> **Data excerpts**
▬▬▬
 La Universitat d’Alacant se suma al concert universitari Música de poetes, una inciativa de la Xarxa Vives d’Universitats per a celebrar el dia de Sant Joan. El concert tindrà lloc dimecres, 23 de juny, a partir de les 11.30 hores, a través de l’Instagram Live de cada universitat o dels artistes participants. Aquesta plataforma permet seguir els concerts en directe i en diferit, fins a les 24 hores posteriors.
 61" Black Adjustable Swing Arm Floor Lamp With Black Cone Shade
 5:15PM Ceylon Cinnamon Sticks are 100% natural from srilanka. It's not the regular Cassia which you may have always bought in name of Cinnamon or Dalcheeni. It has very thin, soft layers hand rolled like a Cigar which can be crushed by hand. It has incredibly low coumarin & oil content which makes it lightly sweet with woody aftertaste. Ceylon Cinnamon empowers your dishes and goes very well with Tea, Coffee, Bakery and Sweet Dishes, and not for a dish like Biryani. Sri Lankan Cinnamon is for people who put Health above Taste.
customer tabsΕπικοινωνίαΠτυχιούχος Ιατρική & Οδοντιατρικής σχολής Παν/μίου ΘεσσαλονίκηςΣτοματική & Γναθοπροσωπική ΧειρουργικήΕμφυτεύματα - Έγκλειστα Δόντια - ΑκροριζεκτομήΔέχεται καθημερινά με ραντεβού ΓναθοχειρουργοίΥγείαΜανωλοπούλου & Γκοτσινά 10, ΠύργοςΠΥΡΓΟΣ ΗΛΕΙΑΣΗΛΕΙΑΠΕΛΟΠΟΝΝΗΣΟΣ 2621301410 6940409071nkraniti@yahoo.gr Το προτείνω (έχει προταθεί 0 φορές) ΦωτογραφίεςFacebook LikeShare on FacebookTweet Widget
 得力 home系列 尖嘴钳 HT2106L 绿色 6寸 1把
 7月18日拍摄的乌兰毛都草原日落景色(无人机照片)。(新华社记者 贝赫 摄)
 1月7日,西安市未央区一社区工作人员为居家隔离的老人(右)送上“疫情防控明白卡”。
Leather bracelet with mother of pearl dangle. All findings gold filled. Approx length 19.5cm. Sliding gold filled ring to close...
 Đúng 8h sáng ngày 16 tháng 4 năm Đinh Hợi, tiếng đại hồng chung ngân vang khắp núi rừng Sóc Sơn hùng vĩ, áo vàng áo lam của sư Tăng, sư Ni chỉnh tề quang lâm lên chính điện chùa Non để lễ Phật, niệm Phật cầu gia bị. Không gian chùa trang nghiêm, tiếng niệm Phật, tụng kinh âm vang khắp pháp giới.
▬▬▬
> **Task directions**
From the records above, reproduce exactly the lines from the one with "1月7日,西安市未央区一社区" to the one with "Leather bracelet with", both included, and no others.

> **Solution**
 1月7日,西安市未央区一社区工作人员为居家隔离的老人(右)送上“疫情防控明白卡”。
Leather bracelet with mother of pearl dangle. All findings gold filled. Approx length 19.5cm. Sliding gold filled ring to close...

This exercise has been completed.